Pandemic Ramped Up the Need for Real Next-Gen 911 Solutions
While society has gotten more mobile and smartphones have become the norm, the 911 industry has been playing catch-up. And while there are states and jurisdictions with next-generation 911 (NG911) systems in place, the hill to climb to do so has gotten steeper in the last couple of years since the pandemic as workers have become even more mobile.
“With NG911 it would be so much better,” said Mark Fletcher, vice president of public safety at emergency communications firm 911inform. “Communications has radically changed over the last couple of years. When you think about the pandemic and people working from home, it’s changed the way we live. It’s been on a vertical climb, and every day that goes by it’s becoming more and more important where the legacy stuff won’t cut it anymore.”

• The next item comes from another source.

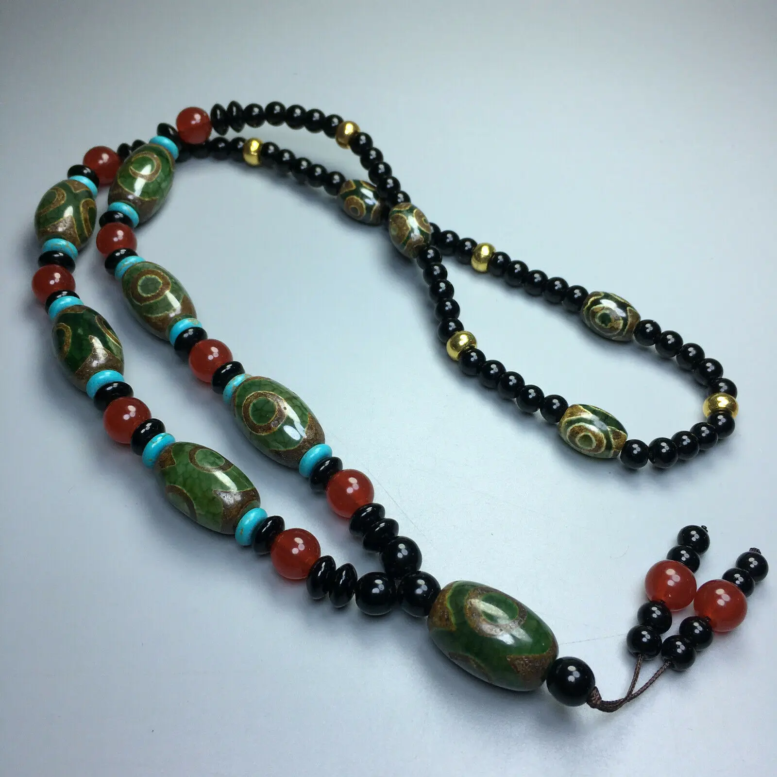 Ожерелье с подвеской дзи из тибетского старого агата с тремя зелеными глазами

Progress in moving to NG911 has been slow, although location accuracy has improved, according to Brian Fontes, CEO of the National Emergency Number Association. “There have been huge improvements in location accuracy both in the horizontal and vertical planes, and in the next-generation environment, that data will push from the call center right to first responders,” he told Emergency Management.
But that’s not enough Fletcher said, calling the deployment of complete NG911 systems around the country “minimal.”
He said there are three connected segments or pillars of NG911 that are important for a complete public safety deployment: the originators of information, the network and the communication centers.
“You have to have somebody generating the data, in a next-generation format that’s useful, then the communication centers have to be able to receive it, correlate it, read it and use it,” Fletcher said.
“The industry has historically looked at the 911 centers and said, ‘OK, we’ve got that [piece of NG911] done, we’ve got NG911,’” he added. “But it’s like watching I Love Lucy on a 90-inch TV over cable. It’s still a black-and-white source.”
In other words, one of the major pillars is missing.
Fletcher said it’s not a well-understood problem and some jurisdictions are “afraid” of the new technology. “People think they’re buying a 911 solution, [but] they may be buying a legacy 911 solution not realizing that [while] it will still work in the future, it’s certainly not going to be NG911 with multimedia capabilities.”